Work order> What is needed is every line from the one holding "Personalized Kids Name" to the last line of the data below, printed exactly and without pictures.

Data>
........

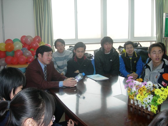 当天,邓玉林院长还与其所联系的班级——06110702班的同学一起召开了一次特别的班会,班长吴国松同学介绍了班级的基本情况,院长也给班级的同学提出了要求和希望,一定要努力学习,发扬团队精神,将班级建设成为一个真正团结奋进的优秀集体。
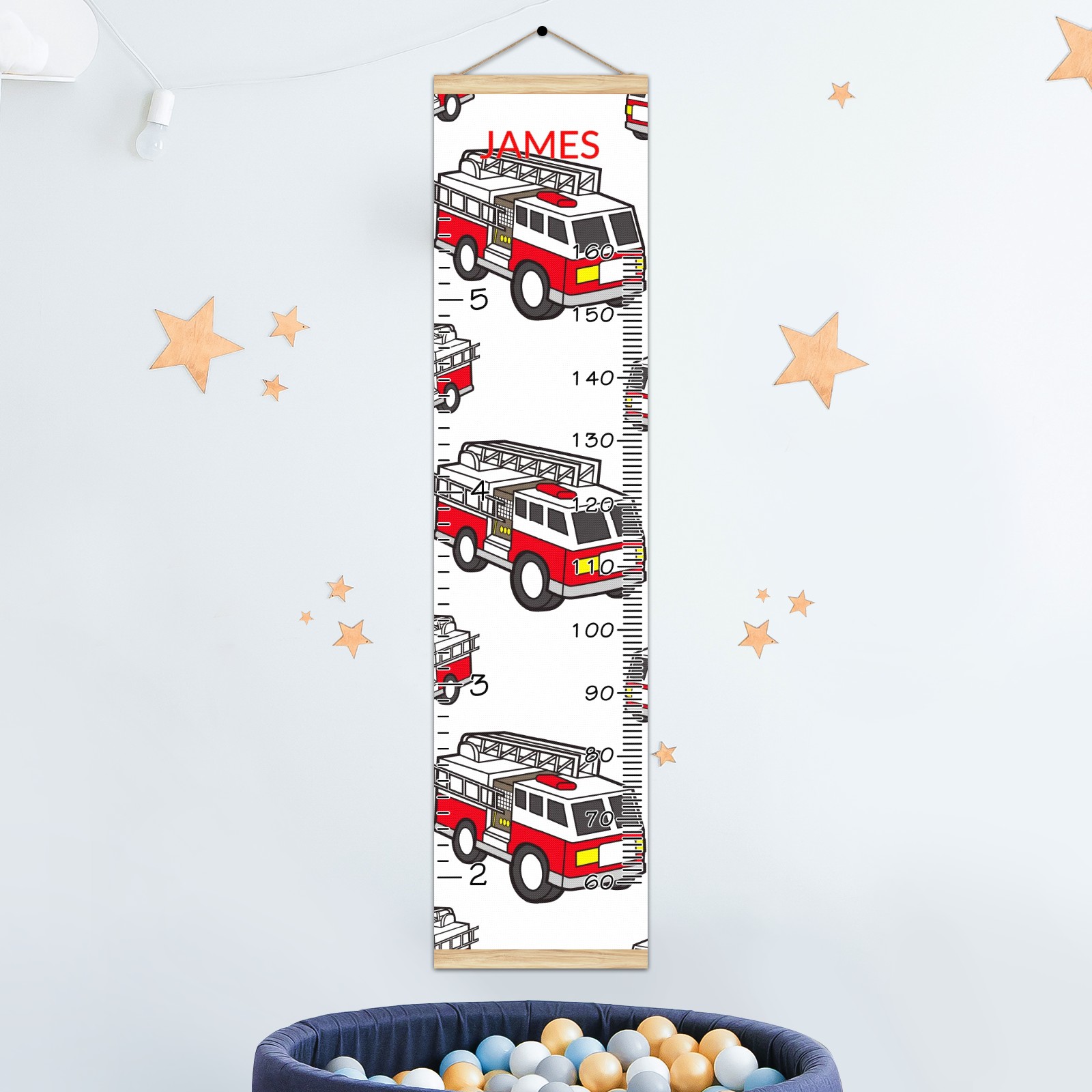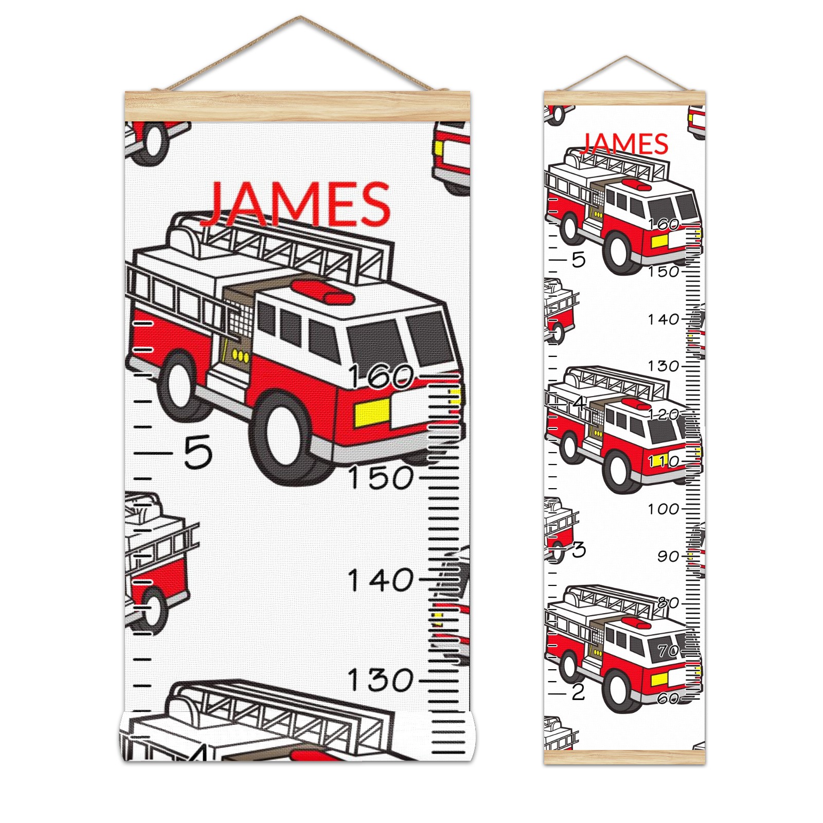 Personalized Kids Name Growth Chart Ruler for Wall Wood Frame Canvas Height Measure Chart 13.4x56 in Hanging Growth Chart Fire Truck11.10-1 Boys Girls Room Decor
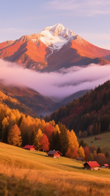 广角俯拍视角,晨曦微露时分,一片被晨雾轻轻笼罩的山谷湖泊全景。远处层叠的青灰色山脉峰顶覆盖着昨夜新降的皑皑白雪,山腰处云海如丝绸般缠绕流动。湖岸线蜿蜒曲折,一侧是橙红与金黄交织的茂密枫林,另一侧是深绿色的松树林,色彩对比鲜明而和谐。湖面如巨大的黑曜石镜面,精准倒映着渐变的天空——从东方鱼肚白过渡到淡粉、浅紫,再到远处的靛蓝。湖边长满沾着露珠的翠绿苔藓,几株红色浆果灌木点缀其间,几片枫叶轻轻漂浮在近岸水面。光线柔和而富有方向性,晨雾在阳光穿透下形成金色光柱,空气中悬浮着细小的水汽颗粒。构图遵循黄金分割,前景的岩石、中景的湖岸与远景的山脉形成完美的视觉引导线,景深从近岸的露珠到远山的积雪都保持清晰锐利,整体氛围既静谧神圣又充满苏醒的生命力。
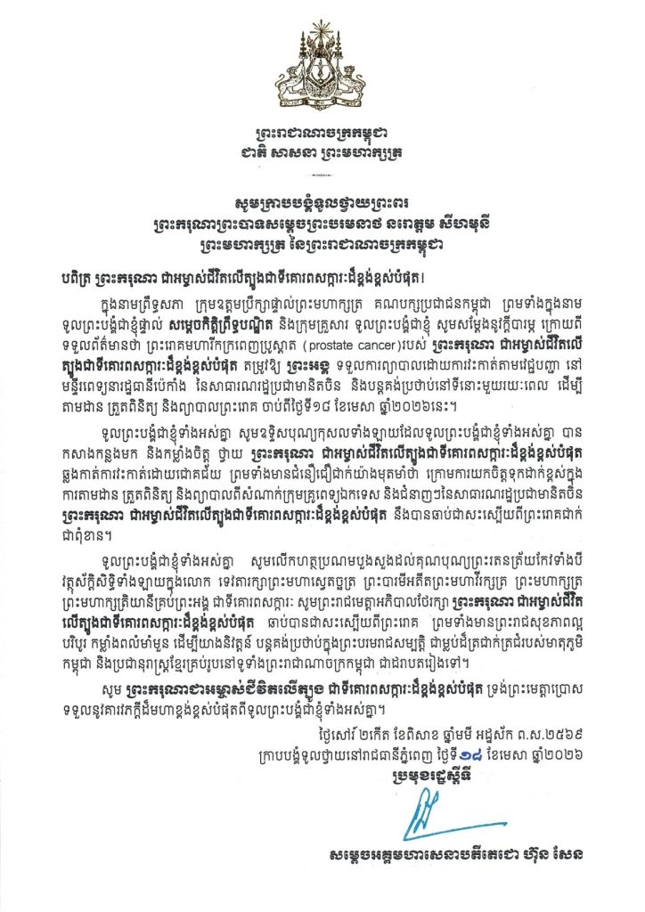 សារលិខិតថ្វាយព្រះពររបស់សម្តេចអគ្គមហាសេនាបតីតេជោ ហ៊ុន សែន ប្រមុខរដ្ឋស្តីទី នៃព្រះរាជាណាចក្រកម្ពុជា ថ្វាយព្រះពរ ព្រះករុណាព្រះបាទសម្តេចព្រះបរមនាថ នរោត្តម សីហមុនី ព្រះមហាក្សត្រ នៃព្រះរាជាណាចក្រកម្ពុជា ក្នុងឱកាស ព្រះអង្គទទួលការព្យាបាលព្រះរោគដោយការវះកាត់តាមវេជ្ជបញ្ជា នៅ មន្ទីរពេទ្យនារដ្ឋធានីប៉េកាំង នៃសាធារណរដ្ឋប្រជាមានិតចិន និងបន្តគង់ប្រថាប់នៅទីនោះមួយរយៈពេល ដើម្បី តាមដាន ត្រួតពិនិត្យ និងព្យាបាលព្រះរោគ ចាប់ពីថ្ងៃទី១៨ ខែមេសា ឆ្នាំ២០២៦នេះ

........

Exercise output>
 Personalized Kids Name Growth Chart Ruler for Wall Wood Frame Canvas Height Measure Chart 13.4x56 in Hanging Growth Chart Fire Truck11.10-1 Boys Girls Room Decor
 广角俯拍视角,晨曦微露时分,一片被晨雾轻轻笼罩的山谷湖泊全景。远处层叠的青灰色山脉峰顶覆盖着昨夜新降的皑皑白雪,山腰处云海如丝绸般缠绕流动。湖岸线蜿蜒曲折,一侧是橙红与金黄交织的茂密枫林,另一侧是深绿色的松树林,色彩对比鲜明而和谐。湖面如巨大的黑曜石镜面,精准倒映着渐变的天空——从东方鱼肚白过渡到淡粉、浅紫,再到远处的靛蓝。湖边长满沾着露珠的翠绿苔藓,几株红色浆果灌木点缀其间,几片枫叶轻轻漂浮在近岸水面。光线柔和而富有方向性,晨雾在阳光穿透下形成金色光柱,空气中悬浮着细小的水汽颗粒。构图遵循黄金分割,前景的岩石、中景的湖岸与远景的山脉形成完美的视觉引导线,景深从近岸的露珠到远山的积雪都保持清晰锐利,整体氛围既静谧神圣又充满苏醒的生命力。
 សារលិខិតថ្វាយព្រះពររបស់សម្តេចអគ្គមហាសេនាបតីតេជោ ហ៊ុន សែន ប្រមុខរដ្ឋស្តីទី នៃព្រះរាជាណាចក្រកម្ពុជា ថ្វាយព្រះពរ ព្រះករុណាព្រះបាទសម្តេចព្រះបរមនាថ នរោត្តម សីហមុនី ព្រះមហាក្សត្រ នៃព្រះរាជាណាចក្រកម្ពុជា ក្នុងឱកាស ព្រះអង្គទទួលការព្យាបាលព្រះរោគដោយការវះកាត់តាមវេជ្ជបញ្ជា នៅ មន្ទីរពេទ្យនារដ្ឋធានីប៉េកាំង នៃសាធារណរដ្ឋប្រជាមានិតចិន និងបន្តគង់ប្រថាប់នៅទីនោះមួយរយៈពេល ដើម្បី តាមដាន ត្រួតពិនិត្យ និងព្យាបាលព្រះរោគ ចាប់ពីថ្ងៃទី១៨ ខែមេសា ឆ្នាំ២០២៦នេះ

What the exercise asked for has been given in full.